Member, Assam Legislative Assembly
- In office 13 May 2006 – 19 May 2016
- Preceded by: Dilip Kumar Saikia
- Succeeded by: Pradan Baruah
- Constituency: Dhemaji

Personal details
- Party: Bharatiya Janata Party (since 2017)
- Other political affiliations: Indian National Congress (until 2017)
- Spouse: Late Kalinath Doley

= Sumitra Patir =

Indian politician

Sumitra Doley Patir is an Indian politician from Assam who served as a member of the Assam Legislative Assembly representing the Dhemaji Assembly constituency from 2006 until 2016. She also served as a Minister of State (Independent Charge) in the third cabinet of chief minister Tarun Gogoi from 26 January 2015 until 24 May 2016, holding portfolios of urban development and housing, tourism and tribal welfare. She belonged to the Indian National Congress until resigning from the party to join the Bharatiya Janata Party in 2017.

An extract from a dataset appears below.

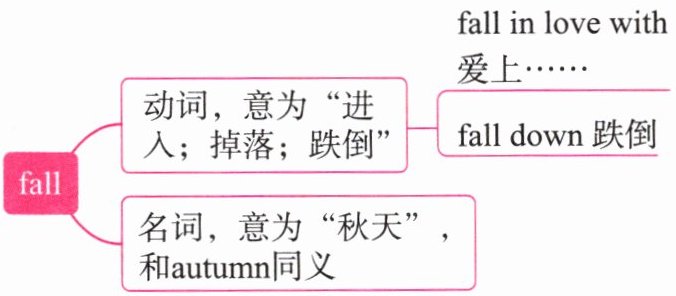 A[fall] --> B[动词,意为“进入;掉落;跌倒”]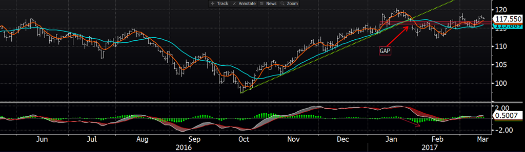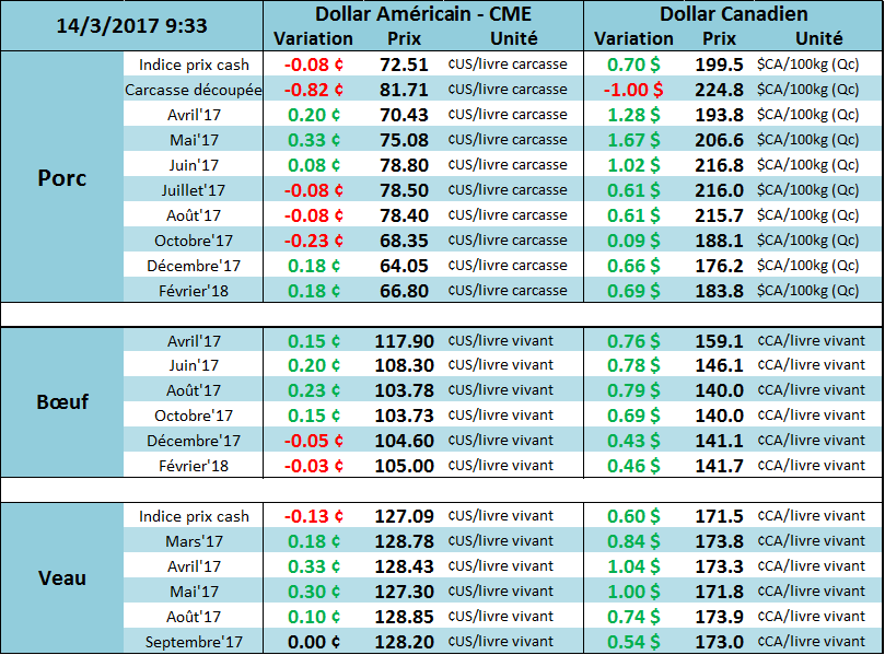 La montée du prix du bœuf depuis l’automne rend les traders nerveux sur la possibilité que la demande des consommateurs ralentisse ce printemps au moment où l’offre serait abondante. Le prix des CàT d’avril est toujours bien en dessous des valeurs au comptant dans la prévision que le cash amorce une baisse dans les prochains jours/semaines (chose que les traders anticipent depuis déjà un bon moment sans trop de résultat). La production de bœuf pour le deuxième trimestre de 2017 est prévu être en hausse de 520 millions de livres vs Q1 et en hausse de 252 millions de livres vs la même période l’an dernier. Les futures d’avril ont débuté la semaine avec un discount de 6.40$ sur le cash, ce qui maintient le prix des contrats à terme (vs juin à 108) et pousse les transformateurs à hausser les bids pour sécuriser l’approvisionnement.

In 2006, she was elected to the Assam Legislative Assembly from Dhemaji constituency, defeating her nearest rival and Asom Gana Parishad candidate Paramananda Sonowal. In 2011, she was re-elected from the same constituency, defeating Bharatiya Janata Party's Sailen Sonowal. She contested for re-election from the same constituency in 2016 but was defeated by BJP's Pradan Baruah.

== Personal life ==
Patir is the sister of Aswini Kumar Doley, CEO of Sivasagar Zila Parishad.